- Port Kells Location of Port Kells within Metro Vancouver
- Coordinates: 49°10′00″N 122°42′00″W﻿ / ﻿49.16667°N 122.70000°W
- Country: Canada
- Province: British Columbia
- Region: Lower Mainland
- Regional District: Metro Vancouver
- City: Surrey
- Town Centre: Guildford

Government
- • Mayor: Brenda Locke
- • MP (Fed.): Gurbux Saini (Liberal)
- • MLA (Prov.): Garry Begg (NDP)
- Time zone: UTC−8 (PST)
- • Summer (DST): UTC−7 (PDT)

= Port Kells =

Port Kells is a neighborhood of Guildford, a town center in Surrey, British Columbia. The neighborhood is located in the northeastern sector of Guildford, and is adjacent to the Fraser River and west of Walnut Grove, Langley. It has two major components: a large rural southern portion located south of Highway 1, and a section north of the highway that consists mostly of industrial parks.

==History==
Port Kells was founded in 1889 as the Township of Port Kells, and was established by two Irish pioneers, both named Henry Kells, who were brothers-in-law. It was originally intended as a port and was laid out in 1890 by the Royal Engineers. The area did not grow into the thriving town the two had intended, instead becoming mainly agricultural. The New Westminster and Southern Railway established a station in Port Kells in the late 1890s. The port was also a hub for logging operations along the Fraser River, and materials gathered at the port would be sent downriver to New Westminster.

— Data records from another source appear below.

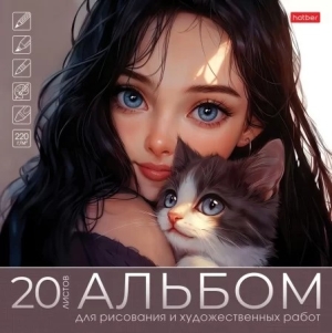 Альбом для рисования 20л 220х220 мм Cat and girl 220 гр жесткая подложка
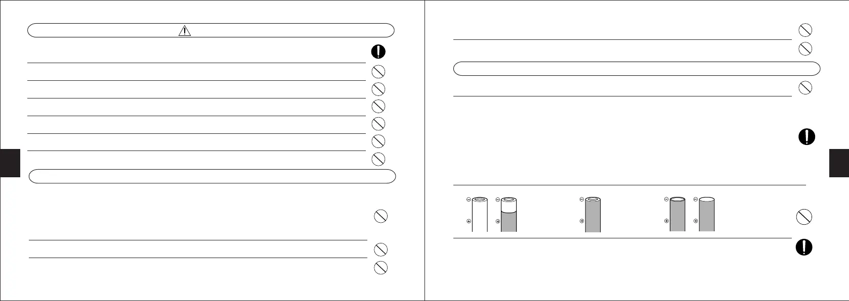 • Do not load or use the batteries with the +/– polarity reversed. If the batteries do not fit smoothly in the battery
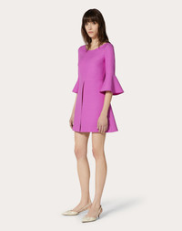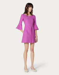 Short Crepe Couture Dress. - Flared sleeves - Concealed rear zipper and hook fastening - Length 90 cm / 35.4 in. - Crepe Couture (65% wool, 35% silk) - Silk lining (100% silk) - The model is 176 cm / 5’9” tall and wears an Italian size 40 - Made in Italy
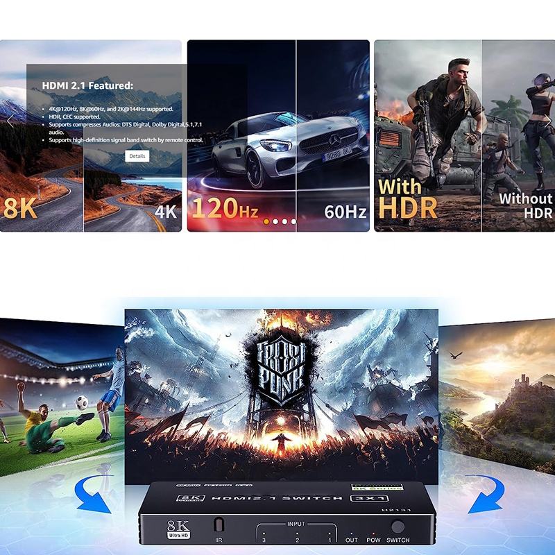Commutateur HDMI 3 en 1 sortie 4K 120Hz 8K 60Hz Commutateur HDMI 3x1 UHD 3 ports avec télécommande IR HDCP 2.2 Support 3D
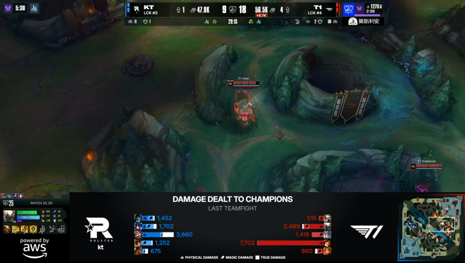 中期双方争夺峡谷先锋,Doran安蓓萨直接开到Deokdam艾希,T1打出0换2后拉扯打厄塔汗,KT其他人想要阻止被T1团灭,T1拿下厄塔汗。28分钟双方中路混战,虽然Oner赵信开团率先被秒,但是BDD瑞兹被keria波比锤走,T1打出1换3后,拿下第一条大龙。后期35分钟T1拿下第二条大龙,之后Doran安蓓萨直接开团,Deokdam艾希再次被秒,T1打出0换4后,拿下第二局胜利。首局伤害最高的是Gumayusi韦鲁斯。
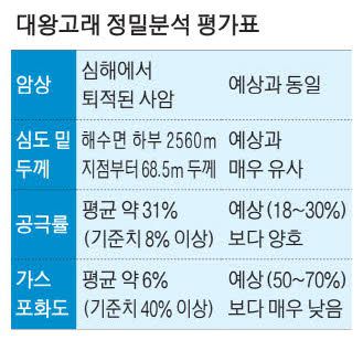 대왕고래의 가스포화도가 공개된 것은 이번이 처음이다. 산업통상자원부는 지난 2월 탐사 종료 직후 "가스 징후는 발견됐으나 경제성이 낮다"고 발표했는데 구체적인 수치를 밝히지는 않았다. 산업부와 석유공사는 탐사시추를 통해 취득된 1700여 개 시료를 지난 2월 미국 지질구조 분석업체 코어랩에 정밀분석해달라고 의뢰했다. 지난 8월 말 정밀분석 결과가 나왔고, 산업부에도 보고가 된 상태다.

In 1914, the Great Northern Railway sold its section from Hazelmere to Port Kells to the Canadian Northern Railway, and the area struggled.

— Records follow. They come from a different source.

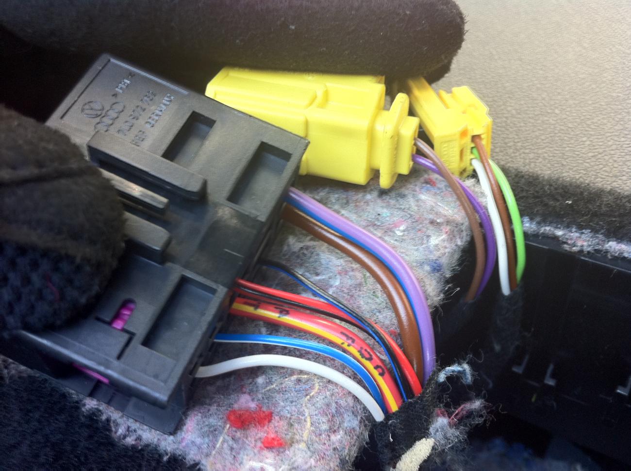 Penkin alla olevassa isossa mustassa liittimessä (jossa violetit sisuskalut) menee siis sähköt koko penkin toiminnoille (lämmitys, sähkösäädöt, jne.). Tähän liittimeen tulee penkin puolelta puna/keltainen johto (päävirta) ja puna/musta johto (ristiseläntuen säätö). Johdot ovat liittimessä rinnakkain: Kuva (varastettu muualta, liitinkin on "väärän puoleinen" eli auton puoleinen liitin? Mutta värit täsmäävät. Tuo kolmas liitin on täysin erilainen kuin mulla...).
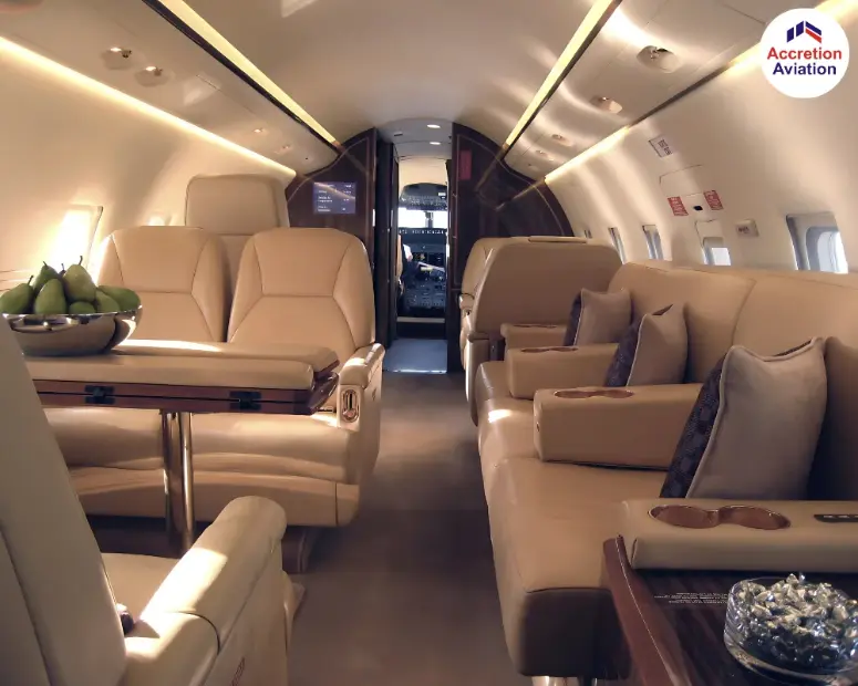Challenger 604 Jet Charter at Accretion Aviation where comfort meets a sky-high elegance.
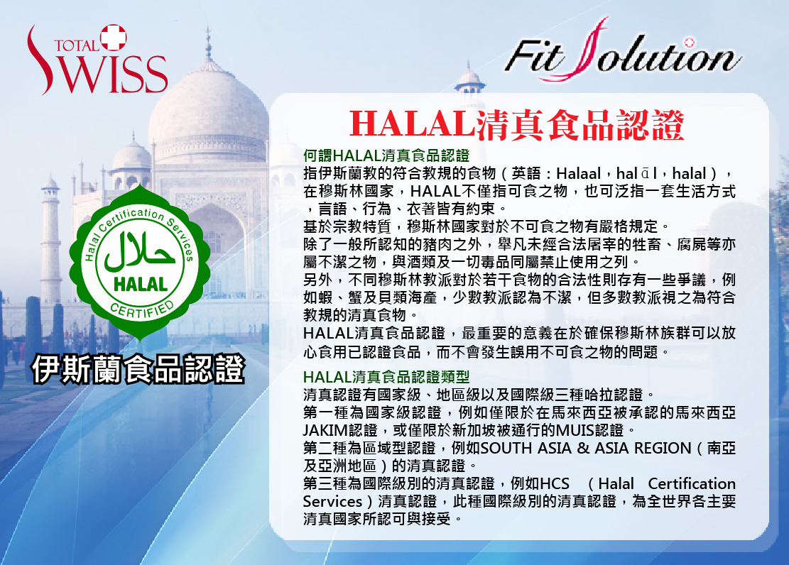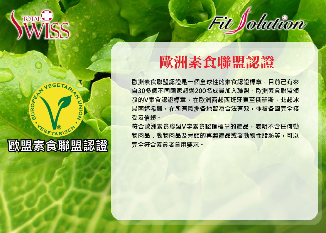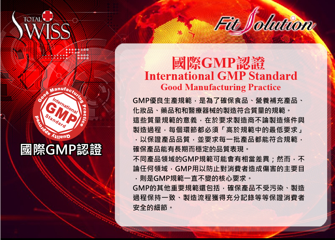截至目前為止,Total Swiss四大Solution系列產品,共計獲得國際GMP認證、瑞士洛桑認證、新加坡環保標章、HALAL清真食品認證、歐洲素食聯盟認證以及ISO、NSF等七大權威認證。
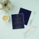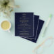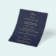 Elegant Navy and Gold Wedding Menu Flyer. Add your custom information to make the perfect presentation.

In the early 1960s, the Trans-Canada Highway was built through Port Kells. Since the 1970s, the highway has provided a neat distinction between the industrial northern portion and the rural and residential southern portion of the community.

==Development==
Industrial developments in North Port Kells occurred after 1970. In 2005, plans surfaced for development of the neighborhoods southern portion, which called for a mix of residential, commercial, and industrial uses from its present rural condition.